I liked the lectures (videos). And I did not like that the course has no mandatory programming assignments. I pay for the course to make myself study. And I believe that there is no study without practice. Hence, this course did not make me study, thus I don't understand why I need this course :-(. And I could find free lectures about TF/Keras (maybe not so good, but free) and/or read the documentation. BTW, I really like Andrew NG's courses, but this one really disappointed me.

By Shehryar M K K

May 3, 2020

This course focuses on the teaching of TensorFlow modules related to CNNs and does a good job in introducing some modules of tf and keras for data loading and manipulation. However, it is very light on theory and is only helpful if Deep learning specialization is taken beforehand or in conjunction. Furthermore, this course will need some refresh soon for its modules as it is still using version v1.x of tf as well as some code re-organization.

By Benjamin D

Aug 6, 2021

The use of the .flow() method on the last exercise would deserve some explanations : the labels need to be transformed from sparse (int format) to one_hot (with tf.keras.utils.to_categorical for example), so the loss='categorical_crossentropy' actually works in model.compile().

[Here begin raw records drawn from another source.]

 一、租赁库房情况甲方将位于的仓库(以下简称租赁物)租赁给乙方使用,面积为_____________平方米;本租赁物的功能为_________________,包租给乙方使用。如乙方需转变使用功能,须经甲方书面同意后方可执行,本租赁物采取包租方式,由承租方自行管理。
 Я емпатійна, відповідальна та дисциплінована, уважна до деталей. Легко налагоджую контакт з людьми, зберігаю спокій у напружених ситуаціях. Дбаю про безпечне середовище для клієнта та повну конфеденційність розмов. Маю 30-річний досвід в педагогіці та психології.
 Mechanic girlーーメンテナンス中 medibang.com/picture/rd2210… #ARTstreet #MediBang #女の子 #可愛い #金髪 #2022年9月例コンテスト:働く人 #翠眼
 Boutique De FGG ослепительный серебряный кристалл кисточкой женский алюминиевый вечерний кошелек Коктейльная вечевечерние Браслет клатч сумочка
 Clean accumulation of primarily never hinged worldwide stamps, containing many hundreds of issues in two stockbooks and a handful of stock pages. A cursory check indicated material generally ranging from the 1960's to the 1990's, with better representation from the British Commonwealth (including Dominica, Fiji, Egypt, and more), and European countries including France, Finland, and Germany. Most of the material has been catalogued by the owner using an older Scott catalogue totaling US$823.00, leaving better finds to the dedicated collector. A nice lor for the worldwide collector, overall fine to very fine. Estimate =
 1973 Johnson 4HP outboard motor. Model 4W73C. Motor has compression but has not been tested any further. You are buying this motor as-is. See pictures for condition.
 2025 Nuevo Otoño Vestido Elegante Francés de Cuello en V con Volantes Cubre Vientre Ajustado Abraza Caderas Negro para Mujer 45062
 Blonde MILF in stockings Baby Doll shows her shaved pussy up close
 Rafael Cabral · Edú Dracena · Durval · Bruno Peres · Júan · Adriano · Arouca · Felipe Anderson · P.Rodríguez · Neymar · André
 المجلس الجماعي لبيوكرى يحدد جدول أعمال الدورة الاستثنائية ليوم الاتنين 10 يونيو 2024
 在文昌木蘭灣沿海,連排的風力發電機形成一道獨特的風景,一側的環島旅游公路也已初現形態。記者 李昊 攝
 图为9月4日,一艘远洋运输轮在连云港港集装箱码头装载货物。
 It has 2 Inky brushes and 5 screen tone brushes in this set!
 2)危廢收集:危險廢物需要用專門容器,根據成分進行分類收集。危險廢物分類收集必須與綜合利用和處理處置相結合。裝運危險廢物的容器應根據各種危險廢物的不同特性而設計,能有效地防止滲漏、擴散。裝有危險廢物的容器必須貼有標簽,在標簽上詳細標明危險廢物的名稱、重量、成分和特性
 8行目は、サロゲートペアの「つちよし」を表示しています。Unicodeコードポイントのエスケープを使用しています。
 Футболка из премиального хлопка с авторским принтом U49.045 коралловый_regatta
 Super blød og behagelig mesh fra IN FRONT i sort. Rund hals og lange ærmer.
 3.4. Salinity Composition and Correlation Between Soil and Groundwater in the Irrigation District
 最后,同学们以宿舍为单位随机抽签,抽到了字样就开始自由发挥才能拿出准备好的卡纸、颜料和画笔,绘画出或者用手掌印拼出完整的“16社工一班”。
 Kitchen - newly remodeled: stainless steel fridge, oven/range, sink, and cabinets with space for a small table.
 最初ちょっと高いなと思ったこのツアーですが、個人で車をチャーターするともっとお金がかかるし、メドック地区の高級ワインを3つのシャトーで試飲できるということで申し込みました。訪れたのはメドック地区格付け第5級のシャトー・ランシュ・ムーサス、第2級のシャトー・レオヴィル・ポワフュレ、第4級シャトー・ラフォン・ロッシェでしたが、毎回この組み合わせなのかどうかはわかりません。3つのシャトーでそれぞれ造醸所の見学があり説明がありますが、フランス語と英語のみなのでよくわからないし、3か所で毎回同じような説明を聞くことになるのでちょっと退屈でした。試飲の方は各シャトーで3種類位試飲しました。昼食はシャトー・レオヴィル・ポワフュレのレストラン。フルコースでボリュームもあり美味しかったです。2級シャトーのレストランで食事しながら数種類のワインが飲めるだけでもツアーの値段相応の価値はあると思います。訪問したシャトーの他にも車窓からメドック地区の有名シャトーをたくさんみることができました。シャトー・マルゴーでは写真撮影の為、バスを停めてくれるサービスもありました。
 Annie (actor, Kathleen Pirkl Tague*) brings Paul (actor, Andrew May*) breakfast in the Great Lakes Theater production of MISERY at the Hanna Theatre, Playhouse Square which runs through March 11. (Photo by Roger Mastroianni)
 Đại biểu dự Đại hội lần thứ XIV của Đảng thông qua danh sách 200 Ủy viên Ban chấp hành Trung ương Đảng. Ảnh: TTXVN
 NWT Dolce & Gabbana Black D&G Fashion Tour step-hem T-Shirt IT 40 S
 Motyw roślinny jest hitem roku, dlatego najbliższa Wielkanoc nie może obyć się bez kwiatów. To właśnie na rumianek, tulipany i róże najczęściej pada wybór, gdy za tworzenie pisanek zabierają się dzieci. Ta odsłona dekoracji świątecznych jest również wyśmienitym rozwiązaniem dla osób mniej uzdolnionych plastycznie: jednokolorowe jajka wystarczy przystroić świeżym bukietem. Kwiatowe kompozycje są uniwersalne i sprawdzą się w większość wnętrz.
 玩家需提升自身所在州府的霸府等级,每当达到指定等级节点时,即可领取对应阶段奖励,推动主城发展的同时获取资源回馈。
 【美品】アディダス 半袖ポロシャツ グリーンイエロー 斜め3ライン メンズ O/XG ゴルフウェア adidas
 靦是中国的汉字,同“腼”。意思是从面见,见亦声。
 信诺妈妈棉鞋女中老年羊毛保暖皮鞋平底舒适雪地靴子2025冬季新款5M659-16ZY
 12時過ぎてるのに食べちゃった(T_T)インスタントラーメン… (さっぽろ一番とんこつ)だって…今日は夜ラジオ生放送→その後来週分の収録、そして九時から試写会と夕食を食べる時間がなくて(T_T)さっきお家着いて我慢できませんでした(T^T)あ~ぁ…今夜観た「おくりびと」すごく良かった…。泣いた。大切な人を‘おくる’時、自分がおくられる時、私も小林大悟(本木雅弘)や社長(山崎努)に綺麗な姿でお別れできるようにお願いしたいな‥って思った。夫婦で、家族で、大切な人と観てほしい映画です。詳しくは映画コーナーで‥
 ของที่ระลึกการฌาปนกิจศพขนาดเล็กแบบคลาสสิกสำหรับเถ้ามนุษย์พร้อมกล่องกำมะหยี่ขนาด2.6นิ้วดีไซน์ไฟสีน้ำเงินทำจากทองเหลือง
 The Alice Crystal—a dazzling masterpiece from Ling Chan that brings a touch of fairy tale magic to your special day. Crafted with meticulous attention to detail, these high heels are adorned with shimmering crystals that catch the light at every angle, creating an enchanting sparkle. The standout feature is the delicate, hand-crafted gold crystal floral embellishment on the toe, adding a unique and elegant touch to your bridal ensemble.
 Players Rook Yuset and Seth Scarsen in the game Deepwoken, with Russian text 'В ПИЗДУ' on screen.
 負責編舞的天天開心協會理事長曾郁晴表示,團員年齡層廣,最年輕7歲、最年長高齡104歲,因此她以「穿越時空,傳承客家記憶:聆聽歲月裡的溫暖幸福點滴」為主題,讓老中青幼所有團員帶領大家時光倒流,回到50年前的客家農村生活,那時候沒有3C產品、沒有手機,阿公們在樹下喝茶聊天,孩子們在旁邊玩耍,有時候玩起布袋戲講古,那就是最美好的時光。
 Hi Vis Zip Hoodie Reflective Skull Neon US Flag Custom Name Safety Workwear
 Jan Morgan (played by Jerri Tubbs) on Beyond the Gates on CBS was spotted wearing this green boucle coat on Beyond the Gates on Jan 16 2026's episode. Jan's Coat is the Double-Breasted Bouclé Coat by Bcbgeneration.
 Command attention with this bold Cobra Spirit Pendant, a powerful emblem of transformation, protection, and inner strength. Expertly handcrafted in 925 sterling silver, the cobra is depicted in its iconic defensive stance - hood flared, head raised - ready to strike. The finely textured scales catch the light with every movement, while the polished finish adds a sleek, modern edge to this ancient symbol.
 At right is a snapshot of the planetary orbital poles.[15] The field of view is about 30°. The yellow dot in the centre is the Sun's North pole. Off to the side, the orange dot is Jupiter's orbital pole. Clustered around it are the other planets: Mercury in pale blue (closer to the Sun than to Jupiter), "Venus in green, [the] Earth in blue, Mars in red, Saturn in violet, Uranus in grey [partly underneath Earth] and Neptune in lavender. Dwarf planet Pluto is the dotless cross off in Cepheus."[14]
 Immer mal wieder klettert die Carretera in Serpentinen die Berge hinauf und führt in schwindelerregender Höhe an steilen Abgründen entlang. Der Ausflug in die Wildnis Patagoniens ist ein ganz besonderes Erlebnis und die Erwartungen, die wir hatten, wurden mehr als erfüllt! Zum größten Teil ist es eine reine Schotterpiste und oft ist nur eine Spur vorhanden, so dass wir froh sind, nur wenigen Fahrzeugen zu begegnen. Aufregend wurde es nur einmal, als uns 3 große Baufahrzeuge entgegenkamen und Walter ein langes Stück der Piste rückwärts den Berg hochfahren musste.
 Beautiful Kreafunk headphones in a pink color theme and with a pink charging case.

There is no mention of the different ways of structuring the labels in the course, this can be misleading.

Other than that, good material.

By Zhuang L

Apr 20, 2020

The videos were quite solid. The programming assignments were poorly designed to accept identical answers, but not other solutions that work. This did not evaluate students' creativity and depth of understanding. The Jupyter notebook environment was quite fragile. The resources allocated for each notebook was quite limited. I expect more computer or human resources allocated for each student paying the tuition.